Restate, in full and unchanged, the entries that follow, but not their pictures.
[EXERCISE DATA — start]
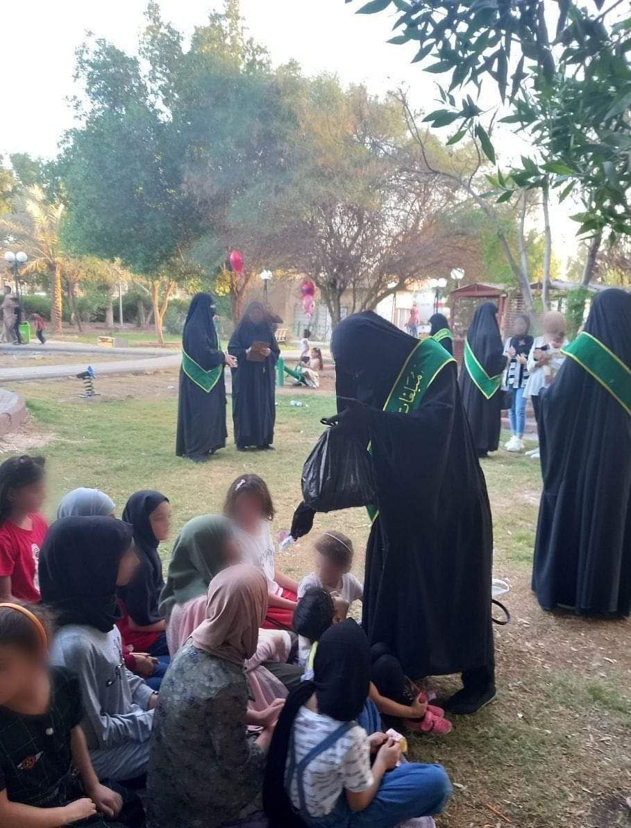 نظم مجمع المبلغات الرساليات في بغداد الشعلة المخيم الثقافي الأسبوعي بمشاركة عدد من المبلغات في أحد المنتزهات.
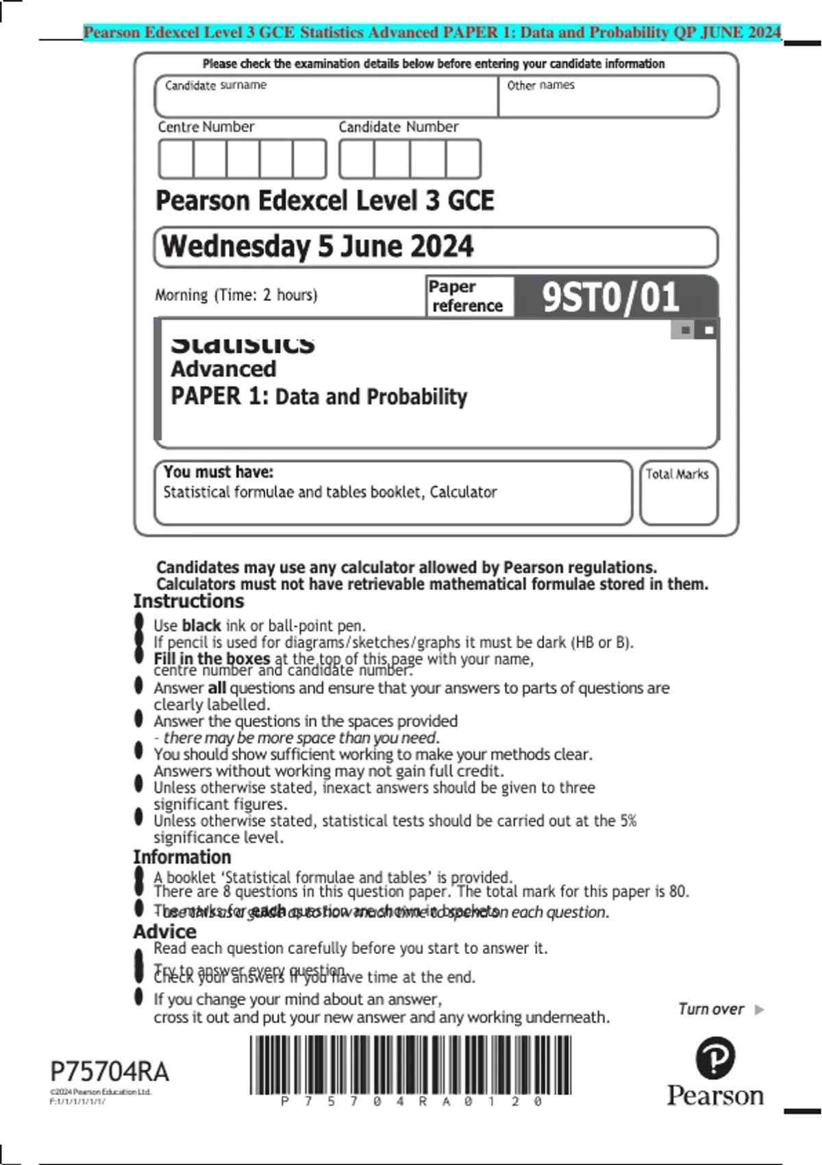 Pearson Edexcel Level 3 GCE Statistics Advanced PAPER 1: Data and Probability QP JUNE 2024
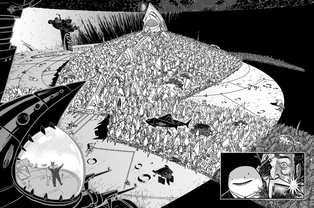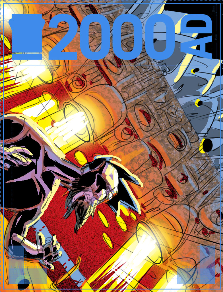 D’ISRAELI, aka Matt Brooker, is one of the sickest artists out there. He’s currently illustrating the Dirty Frank strip Low Life in 2000AD, which has recently (and shockingly) been intricately linked to two other Dreddworld strips in the series – it’s all about to climax in prog 1812, out next Wednesday.
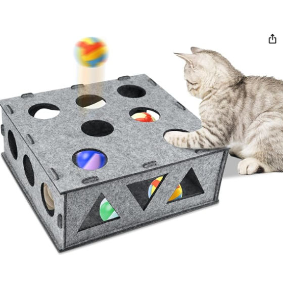 Interactive Mental Stimulation Felt Cat Toy with Colorful Balls & Holes - Compact 28x26x12cm Space-Saving - Satisfies Hunting Instinct, Trains Reflexes & Coordination, Releases Cat Energy
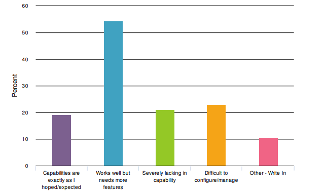Many users have a good mobile connectivity experience, with over 70% saying the capabilities are as they expected, or it works well but could use some more features. A good portion of respondents still find mobile access lacking in capability or difficult to manage. Some write-in answers mentioned concerns about security, latency, and even safety.
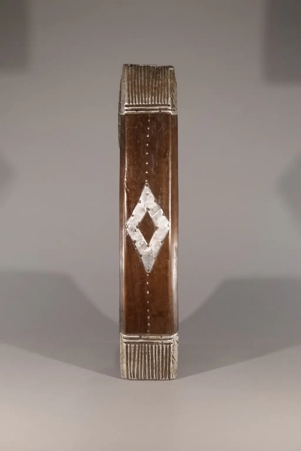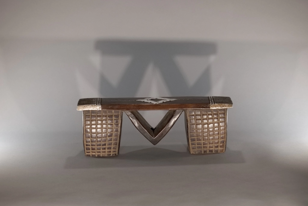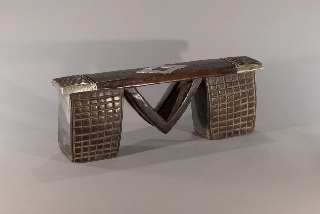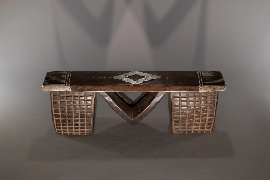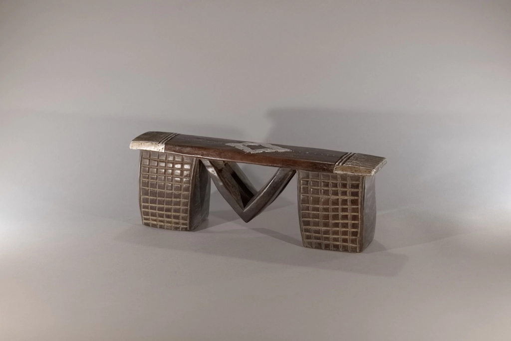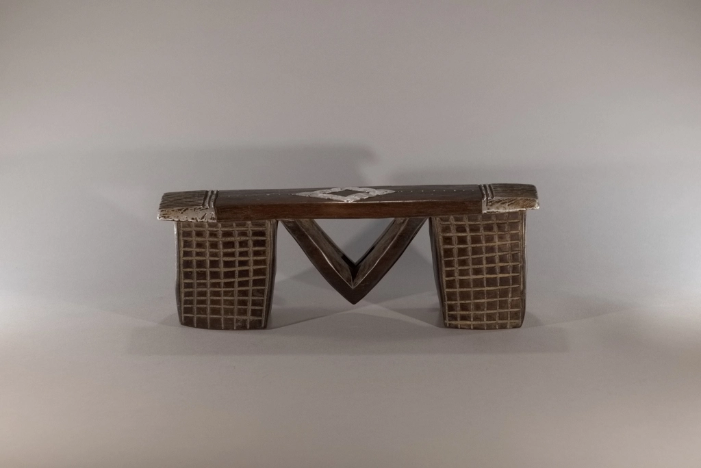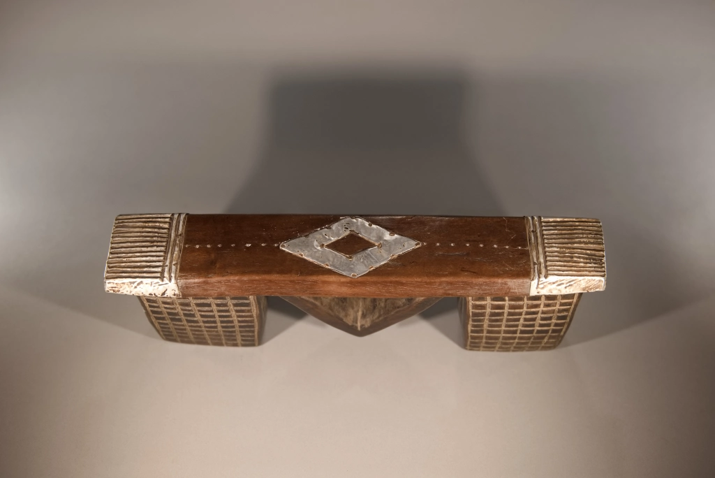 Un appui-tête, massif aux pieds robustes décorés par un amasumpa extrêmement régulier et supportant un triangle pointé en bas à la mode swazi. On peut noter les extrémités de la plateforme recouverte de feuilles d’aluminium afin de protéger l’appui-tête des coups et marques et ainsi, maintenir l’esthétique de la pièce. Un losange décoratif en aluminium a été engravé au milieu de la plate-forme.
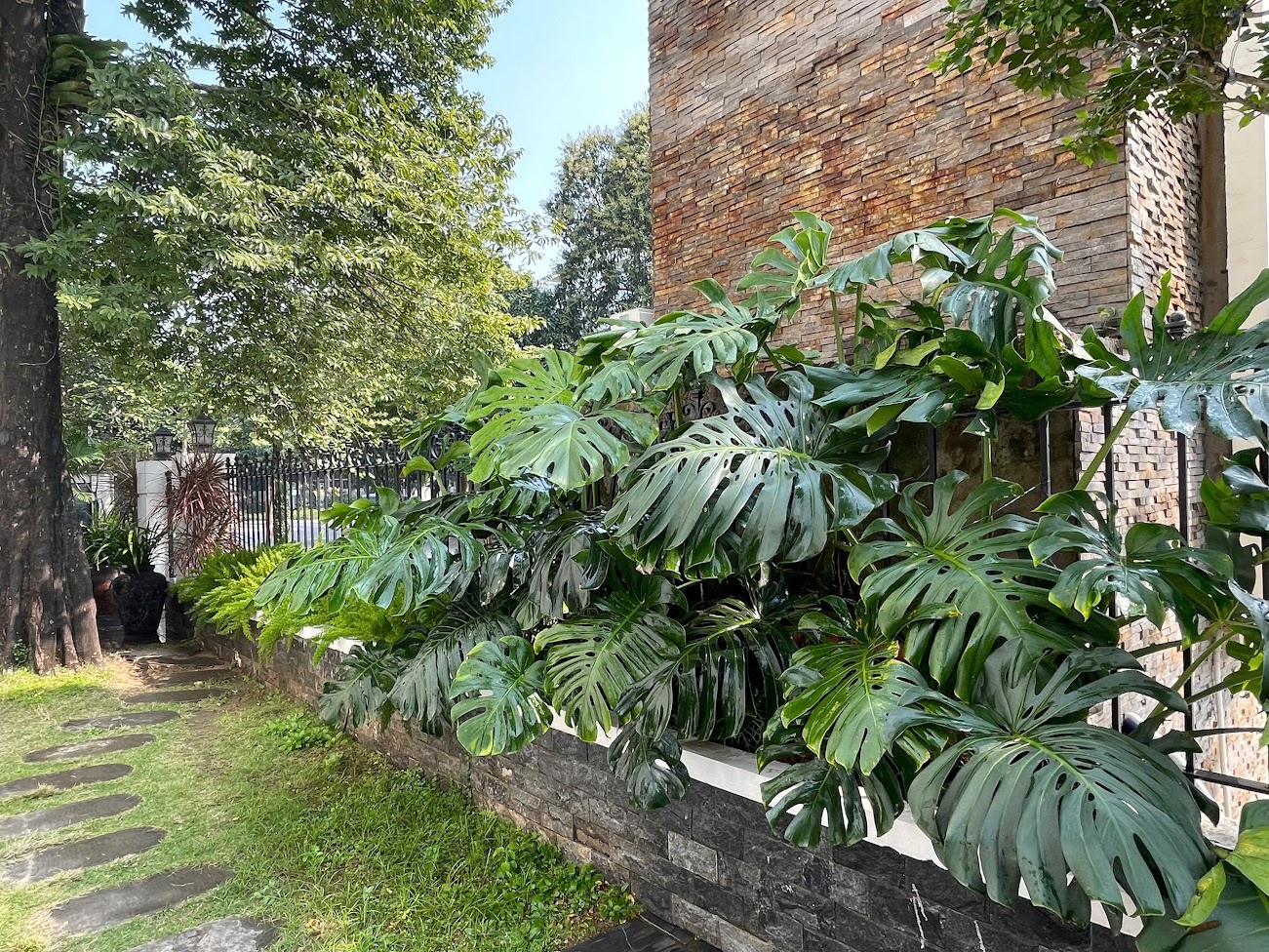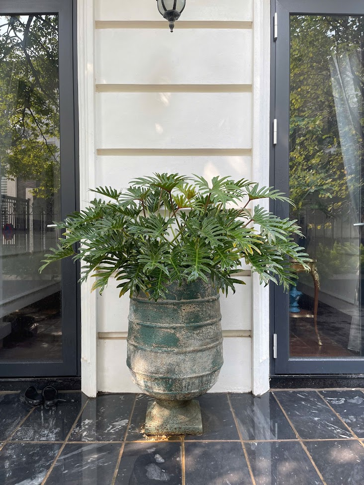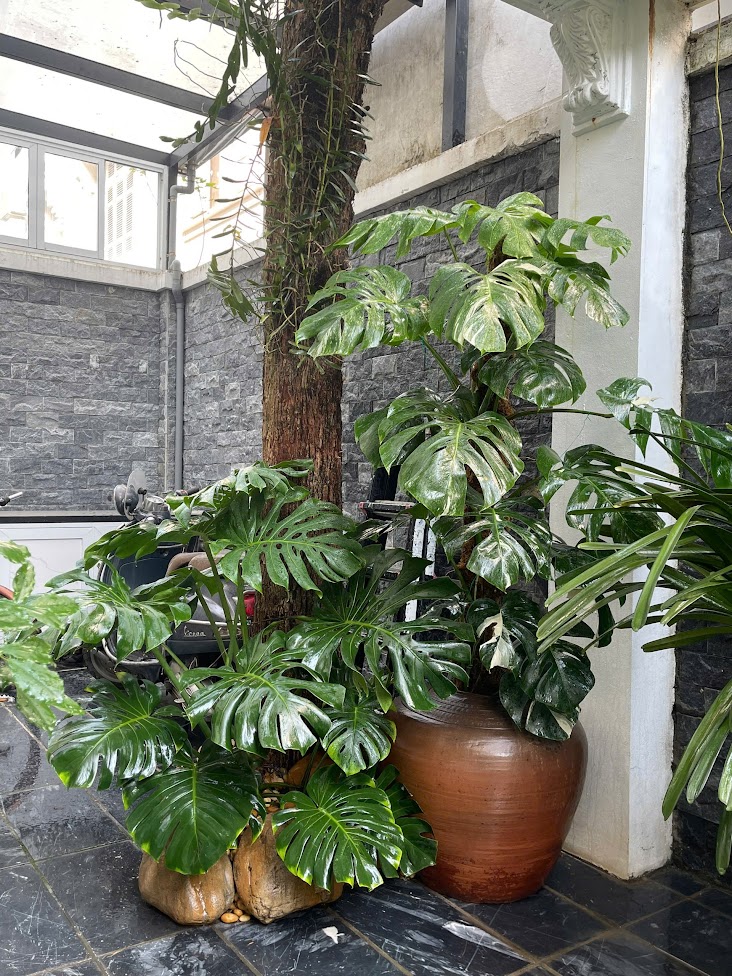 Song song đó là một bồn cây dài trồng Monstera size đại, những phiến lá xẻ lớn đặc trưng giúp tạo chiều sâu không gian. Phía chân bồn được mix thêm các dòng Anthurium lá gân nổi, vừa làm lớp nền xanh, vừa tăng độ chi tiết và sự sang trọng cho khu vực mặt tiền sân vườn.
[EXERCISE DATA — finish]
▸ **EXERCISE RESPONSE**:
 نظم مجمع المبلغات الرساليات في بغداد الشعلة المخيم الثقافي الأسبوعي بمشاركة عدد من المبلغات في أحد المنتزهات.
 Pearson Edexcel Level 3 GCE Statistics Advanced PAPER 1: Data and Probability QP JUNE 2024
 D’ISRAELI, aka Matt Brooker, is one of the sickest artists out there. He’s currently illustrating the Dirty Frank strip Low Life in 2000AD, which has recently (and shockingly) been intricately linked to two other Dreddworld strips in the series – it’s all about to climax in prog 1812, out next Wednesday.
 Interactive Mental Stimulation Felt Cat Toy with Colorful Balls & Holes - Compact 28x26x12cm Space-Saving - Satisfies Hunting Instinct, Trains Reflexes & Coordination, Releases Cat Energy
Many users have a good mobile connectivity experience, with over 70% saying the capabilities are as they expected, or it works well but could use some more features. A good portion of respondents still find mobile access lacking in capability or difficult to manage. Some write-in answers mentioned concerns about security, latency, and even safety.
 Un appui-tête, massif aux pieds robustes décorés par un amasumpa extrêmement régulier et supportant un triangle pointé en bas à la mode swazi. On peut noter les extrémités de la plateforme recouverte de feuilles d’aluminium afin de protéger l’appui-tête des coups et marques et ainsi, maintenir l’esthétique de la pièce. Un losange décoratif en aluminium a été engravé au milieu de la plate-forme.
 Song song đó là một bồn cây dài trồng Monstera size đại, những phiến lá xẻ lớn đặc trưng giúp tạo chiều sâu không gian. Phía chân bồn được mix thêm các dòng Anthurium lá gân nổi, vừa làm lớp nền xanh, vừa tăng độ chi tiết và sự sang trọng cho khu vực mặt tiền sân vườn.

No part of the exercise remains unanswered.